Since the passage of the Patient Protection and Affordable Care Act (Obamacare) more than three years ago, Utah has known that it has a choice to make: participate in the Medicaid expansion or not. That decision has been delayed until now, but the time has now come for the choice to be made.
130,000 Utahns are living just above the federal poverty level, which currently disqualifies them from receiving Medicaid health coverage and leaves them unable to obtain basic healthcare or medications. Under the ACA, states choosing to expand Medicaid coverage to those people would see 100 percent of the costs of doing so covered by the federal government for three years. After the three years federal dollars would taper off slightly in the next decade, but even at its lowest point Utah would only be responsible for 10 percent of the costs.
Arguments over whether to participate in the program have been flying, but until this week it was mostly unknown how implementing the program would actually effect the Beehive State financially or economically. In a moment of clarity several months ago, Utah’s Republican leaders chose not to guess on what the impact would be, and appropriated a large amount of our tax dollars to an independent research company who were tasked with completing an in-depth analysis of what the true costs of the Medicaid expansion would be. That report came back this week.
According to the report, if the expansion were implemented the state would save an estimated $20 million in the first three years alone, and $131 million overall from no longer having to subsidize unpaid hospital bills and emergency room bills. The expansion would also produce 3,552 new jobs, generate $286 million in additional state economic activity, and contribute over $20 million in state and local revenue by year 2022. Hospitals and medical facilities who are currently spending an estimated $331 annually on uncompensated care would also see significant savings from this under-served population obtaining health insurance.
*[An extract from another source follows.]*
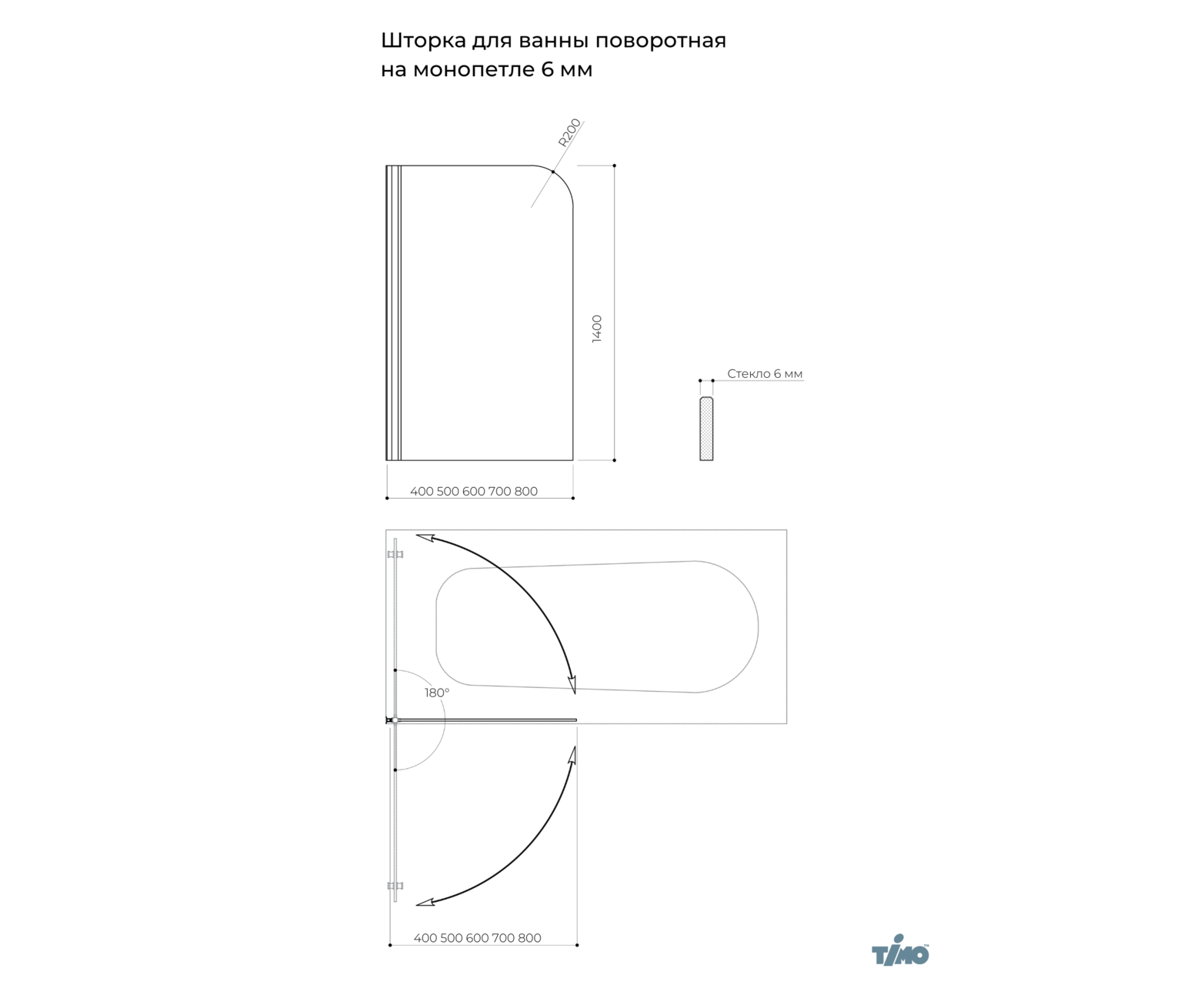 Характеристики Шторка для ванны Timo поворотная TCM-80/02F-6 на монопетле 1400х800 стекло матовое 6 мм

There has always been a moral argument for participating in the expansion. These 130,000 Utahns who live just above the federal poverty line are our brothers and sisters, neighbors and friends, and (for elected officials) constituents. An individual making $1200 per month does not have the option or the luxury of paying $500 per month for private health insurance. Yet illnesses happen, injuries happen, and basic medical needs will always arise. Allowing these individuals and families to obtain Medicaid health coverage is not only morally right, but ethically necessary.
Yet, there are some in Utah’s government who are ignoring their own commissioned report which says the expansion is the economically and fiscally sound thing to do. Instead, they are encouraging Utahns to rely on so-called “charity care” to solve the problem. Charity care refers to a doctor or other medical provider giving away their services for free. During the 2013 legislative session, Representative Michael Kennedy (Republican, Alpine), himself a doctor, touted charity care as a viable alternative solution to providing access to healthcare to these low income citizens, saying he regularly donates his services to people who need it.
While we applaud Representative Kennedy for his apparent goodwill, there is no viable alternative or policy that could turn charity care into a reality for 130,000 people in the state. If Charity care were viable, it would have already solved the problem. Obviously it hasn’t, which means that for it to work the state legislature would need to enact a law requiring medical providers to donate their services to low income families. Even if we ignore the logistical nightmare of medical providers now having to obtain the financial software and systems necessary to determine their patients’ incomes, such a law would be tantamount to indentured servitude. In addition, there is already a growing physician shortage in the United States, and the Association of American Medical Colleges estimates that by the year 2025, America will be short 125,000 physicians. In other words, there is already a burden on our medical providers, and for Utah’s government to push them to work for free is almost laughable.
It was understandable when Utah’s elected officials wanted to delay making a decision on Medicaid expansion until all the facts were known. Even though there is a clear and strong moral reason to expand, it is fair enough to say we should wait until the numbers come back. But now we have the report the legislature and governor commissioned, and it says, without any mincing of words, that expanding Medicaid is sound fiscal policy, and will actually save the state millions of dollars, save hospitals millions of dollars, and create more than 3,500 new jobs for Utahns.
Utah needs to expand Medicaid. It’s the moral, ethical, and economic thing to do. Elected officials who still preach against it run the risk of being seen as putting partisan politics ahead of the desperate needs of those who elected them into office in the first place.
The due diligence has been done. Your move.